The calibrations for converting the raw data were furnished by
Dr. B. Cantrell of the University of Minnesota. In a number of
cases it is observed that there is a substantial mismatch
between the T.S.I, analyzer and the Royco counter in the region
of particle size overlap. In addition to these occurrences,
there are also questions concerning the biasing and sample loss
attributable to the sampling procedure. Added to the suspected
difficulties cited for the filter samples, the operation of the
airborne aerosol size analysis system required filling a
plastic bag with sample which was then retained in the bag for
the 2-3 minutes required for acquisition of the data.
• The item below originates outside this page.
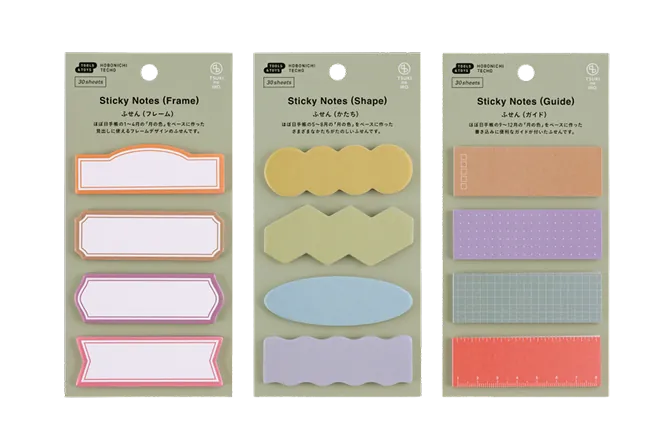 These Sticky Notes are conveniently sized for easy writing and come in three types: Frame, Shape, and Guide.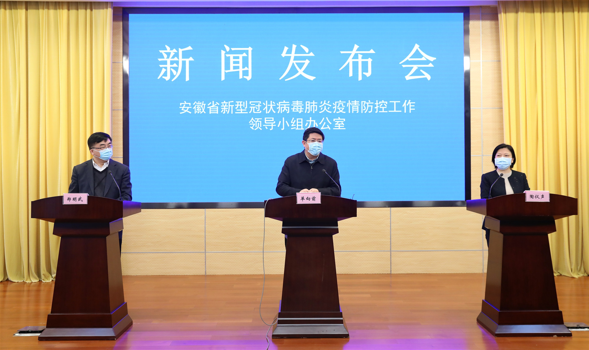 安徽省委宣傳部部務會成員、省政府新聞辦主任鄭明武(左)主持發佈會,省衛生健康委黨組書記、省疫情防控工作領導小組辦公室主任單向前(中)介紹相關情況,省衛生健康委主任、省疫情防控工作領導小組辦公室主任陶儀聲先後回答記者提問(劉煒鑫/攝)

No
satisfactory assessment can be given of the possible inaccura-
cies introduced through these deficiencies. At best the data
may be viewed as providing a qualitative measure of the
particle concentration.
Included in the particle size distribution data given in
Appendix D is an interesting set of measurements taken during
spirals over Hobby Airport. These data represent particle size
distributions from ground level to approximately 3000 m. They
correlated qualitatively with the seven-channel solar radiometer
measurements to be discussed in a separate report.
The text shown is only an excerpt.